Le Du et al. revised TNBC molecular classifications and defined five potential clinical groups. BLBC is the most frequent subtype (25–80% of cases), characterized by DNA-repair gene deficiency and/or growth factor pathway overexpression, showing the highest pathological response (pCR) to chemotherapeutic treatment and sharing this feature with the Lehman-BL-1 group. They include the Lehman-BL-2 group into the mesenchymal subtype because it is enriched in growth factor/receptor tyrosine kinase pathways. The mesenchymal-like subtype includes the mesenchymal, mesenchymal stem-like, and claudin low subtypes and is characterized by EMT and cancer stem cell (CSC) characters, correlated with chemotherapy resistance [34]. The immune response signature was correlated with enriched levels of immune cell infiltration and good clinical response [35]. Tumor-infiltrating lymphocytes predict neoadjuvant response to chemotherapy [36,37]. Luminal/apocrine is enriched in hormonal-regulated pathways: AR overexpression might supply a lack of ER expression in steroid-signaling [12,27]. This group could include the LAR, Luminal A-B, Burstein’s LAR, and molecular apocrine subtypes, showing high expression of luminal gene, lack of basal-cytokeratin markers, and low proliferation rate [12,27]. The AR positivity, identified by IHC in a minimum of 10% of cancer cells, is predictive of about 30% of TNBCs with favorable prognosis [38,39,40]. Finally, they proposed the HER2-enriched subgroup as a distinct clinical entity but hypothesized the possibility that Luminal A and HER2-enriched subtypes can be brought together in a short period of time and suggested evaluating HER2-targeted therapies for this group of patients.
In 2016, the TNBC subtypes were refined by using histopathological quantification, laser capture microdissection, and RNASeq. The IM and MSL subtypes were excluded as TNBC subtypes as their features were associated to tumor-associated stromal cells and infiltrating lymphocytes and not to tumor cells [41]. Different clinical features and progression patterns have been demonstrated among the four TNBC subtypes. BL1 displays higher grade, lower stage, and amplified relapse-free overall survival (OS) of patient. LAR shows wider regional diffusion and preferentially distant metastasis to bone, whereas M tumors show that to lung. TNBC subtypes diverge in response to conventional neoadjuvant chemotherapy. The BL1 subtype displays the highest likelihood of getting a pCR, while LAR subtypes showed improved outcome against a reduced answer to neoadjuvant chemotherapy that could be caused by reduction in proliferation and luminal state. The clinical utility to stratify TNBC patients is that it could lead to selection of patients more responsive to chemotherapy [41].

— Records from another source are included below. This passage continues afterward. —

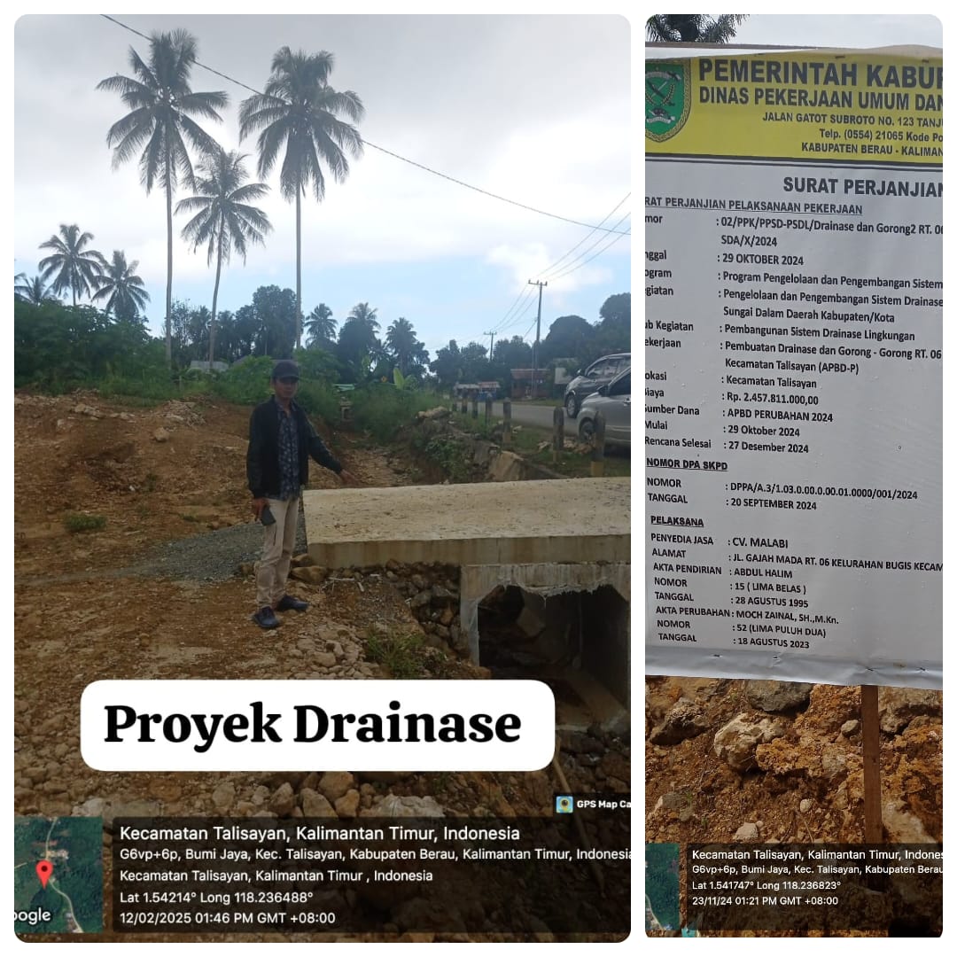 Derap Kalimantan. Com | Berau, Talisayan | Rabu, 12/3/2025 | Proyek pembangunan drainase di Kampung Dumaring, RT 06, Kecamatan Talisayan, Kabupaten Berau, kembali menjadi sorotan. Proyek yang menelan anggaran hingga Rp2.457.811.000,00 itu diduga mangkrak dan pengerjaannya dinilai tidak sesuai standar.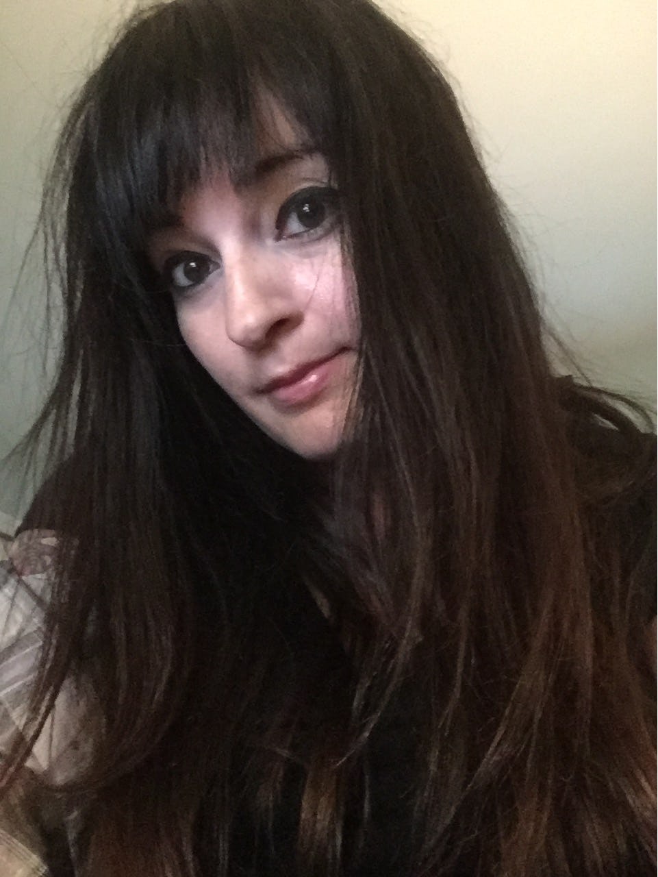 After I got dressed and worked for two hours, this is how my hair looked. Surprisingly, my bangs dried flat and evenly; I expected them to be unruly. My long layers looked pretty boho yet defined, which I liked.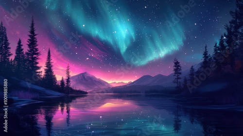 Beautiful Northern Lights aurora of the Nordic nature at night.

Prado-Vazquez et al. analyzed clinical and expression profile data of TNBC through hierarchical clustering and probabilistic graphical models (PGM) showing two TNBC molecular classifications based on cellular type and immune activity. Based on the PGM, they distinguished four subgroups: CLDN-low, CLDN-high, basal-like, and LAR, consistent with the CSC hypothesis [42]. These classes define the differentiation process where the stem cell becomes carcinogenic and underline that CLDN-low is the less differentiated cancer, with respect to LAR, which is the most differentiated one. Strong molecular differences for therapeutic utility were identified. CLDN-low showed low alpha-amylase activity and regulation of actin cytoskeleton, and high haptoglobin activity. CLDN-high had low actin binding and high chemokine activity. Basal tumors had high cell adhesion and regulation of the actin cytoskeleton activity. LAR tumors showed low intensity regarding cell adhesion, G1/S transition of mitotic cell cycle, and chemokine action. Two additional TNBC subgroups have been defined, immune-positive and immune-negative, and demonstrated that the immune activation was significantly associated with good prognosis and positively influences the prognosis in the cellular LAR and CLDN-high groups [43].
Figure 1 illustrates the high molecular heterogeneity of TNBC as described by the cited authors. It shows the close relationship between TNBC and the basal-like phenotype, which is attested in each TNBC classification study, and the possibility to identify TNBC with other intrinsic phenotypes.
Molecular differences identified in TNBCs might be valuable for biomarker identification, drug discovery, and clinical trial design and could support the variations in histological types, prognosis, and patient’s outcome characterizing each TNBC molecular subtype. Notwithstanding some divergences, the TNBC molecular classifications previously discussed provide adequate evidence that there are four major subtypes demanding subtype-specific biological-based therapies. Predicted “driver” signaling pathways were pharmacologically targeted in clinical trials to prove if gene expression signatures can impact therapy selection (Figure 2).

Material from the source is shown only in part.